A monitoring device 204 for monitoring the optical active device 230 may be further disposed between the stem 240 and the optical active device 230.

The optical filter 220 includes a micro lens 222 formed to have curvature on its one face and the transparent electrode 221 that electrically contacts the housing 210. The transparent electrode 221 is made of a conductive transparent material in order to ground the unnecessary electromagnetic wave components through the housing 201 and to transmit light.

The ground lead 201 and the signal and power leads 202 and 203 penetrate the stem 240. The ground lead 201 is electrically connected with the housing 210 in order to maintain the electrically grounded state of the housing 210. The signal and power leads 202 and 203 provide signal input/output and power supply to the optical active device 230.

FIG. 3 illustrates an optical communication system 300 according to a second exemplary embodiment of the present invention, FIG. 4 illustrates an optical transmission module 310 illustrated in FIG. 3, and FIG. 5 illustrates an optical reception module 320 illustrated in FIG. 3. As shown, the optical communication system 300 according to the second embodiment includes the optical transmission module 310 for generating lights with different wavelengths and the optical reception module 320 for receiving light generated by the optical transmission module 310.

Referring to FIG. 4, the optical transmission module 310 includes light sources 311a and 311b, a first housing 314, and first filters 312 and 313. The first housing 314 is made of a metal material and has an opening along the traveling paths of lights generated from the light sources 311a and 311b.
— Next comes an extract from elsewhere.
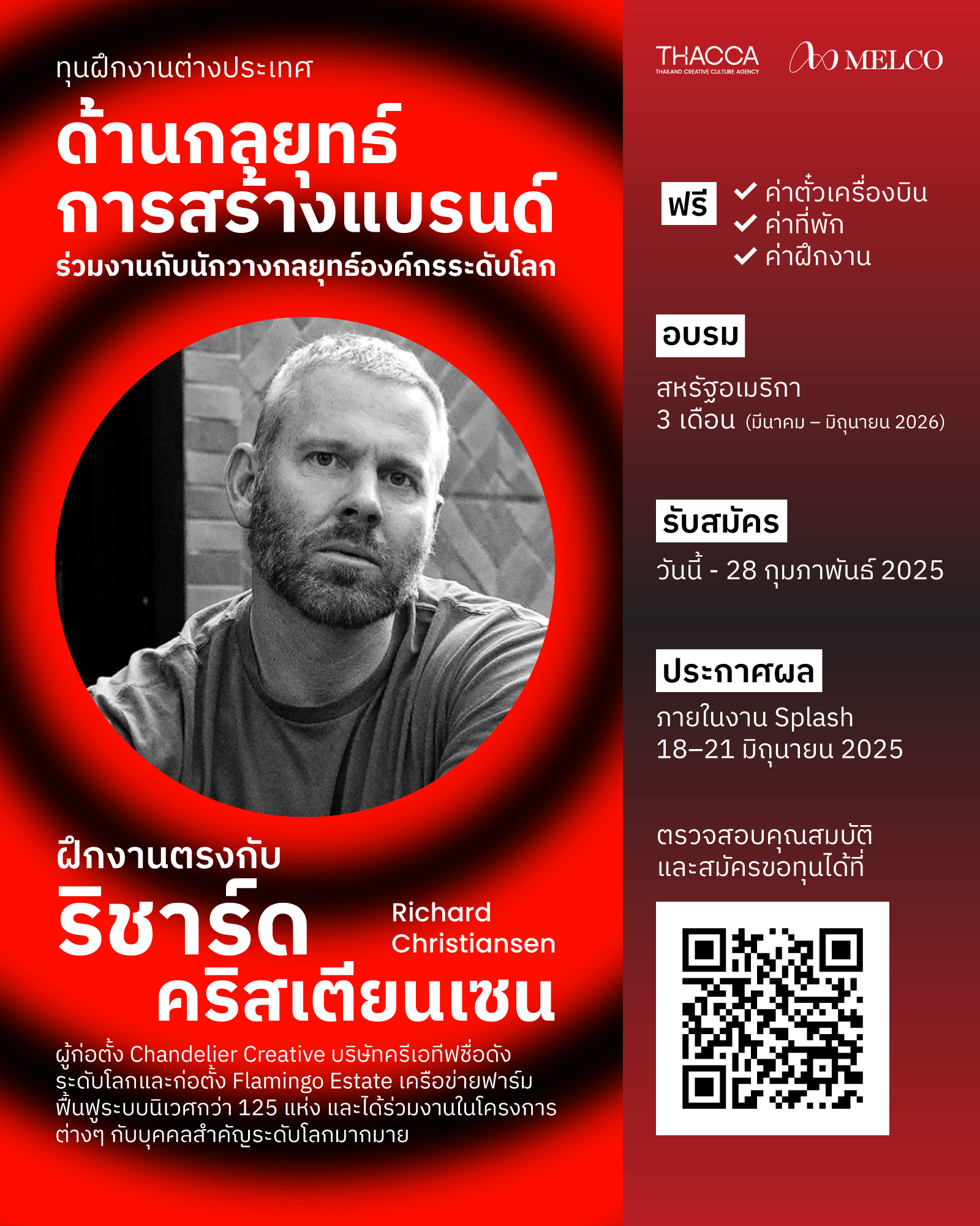 Thailand Creative Culture Agency (THACCA) ร่วมกับ Melco Resorts & Entertainment เปิดรับสมัคร “ทุนฝึกงาน THACCA x Melco Global Soft Power Academy” ใน 5 สาขาสุดฮอต! ได้แก่ ด้านศิลปะการประกอบอาหาร ด้านการออกแบบและนวัตกรรม ด้านสถาปัตยกรรมและการพัฒนาเมือง ด้านศิลปะการแสดง และด้านกลยุทธ์การสร้างแบรนด์และการพัฒนาผลิตภัณฑ์สร้างสรรค์

The first filters 312 and 313 are positioned in the opening of the first housing 314 and may include the transparent electrode 312 formed in a face that contacts the first housing 314 and the micro lens 313 that faces the light sources 311a and 311b. The transparent electrode 312 transmits light while being electrically grounded by the first housing 314 and grounds unnecessary electromagnetic waves through the first housing 314.

Referring to FIGS. 3 and 5, the optical reception module 320 is positioned at the other side of the optical transmission module 310 and includes optical detectors 321a and 321b corresponding to the light sources 311a and 311b, a second housing 324, and second filters 323, 323a, 322, and 322a.

Photo diodes may be used for the optical detectors 321a and 321b, and the optical detectors 321a and 321b can detect lights generated from the light sources 311a and 311b. The second housing 324 has the same shape as the first housing 314 and has an opening in a face disposed on the traveling paths of lights generated from the light sources 311a and 311b.

The second filters 323, 323a, 322, and 322a are positioned between the light sources 311a and 311b and the optical detectors 321a and 321b, and may include the transparent electrodes 322a and 323a formed in a face that faces the optical detectors 321a and 321b and the micro lens 322 and 323 that face the optical detectors 321a and 321b.

The transparent electrodes 312, 322a, and 323a may be formed by performing vacuum deposition on a dielectric material having conductivity, such as ITO or ZnO, or alternatively depositing dielectric materials to form the multiple layers. The transparent electrodes 312, 322a, and 323a are electrically grounded by the first housing 314 and the second housing 324, thereby preventing unnecessary electromagnetic waves included in input or output lights from causing malfunction and/or noise of the light sources 311a and 311b and the optical detectors 321a and 321b.

As described above, according to the present invention, by blocking noise such as electromagnetic waves from light that is incident to an optical active device using a conductive transparent electrode, malfunction and/or noise generation at the optical active device can be minimized.

While the invention has been shown and described with reference to exemplary embodiments thereof, it will be understood by those skilled in the art that various changes in form and details may be made therein without departing from the spirit and scope of the invention.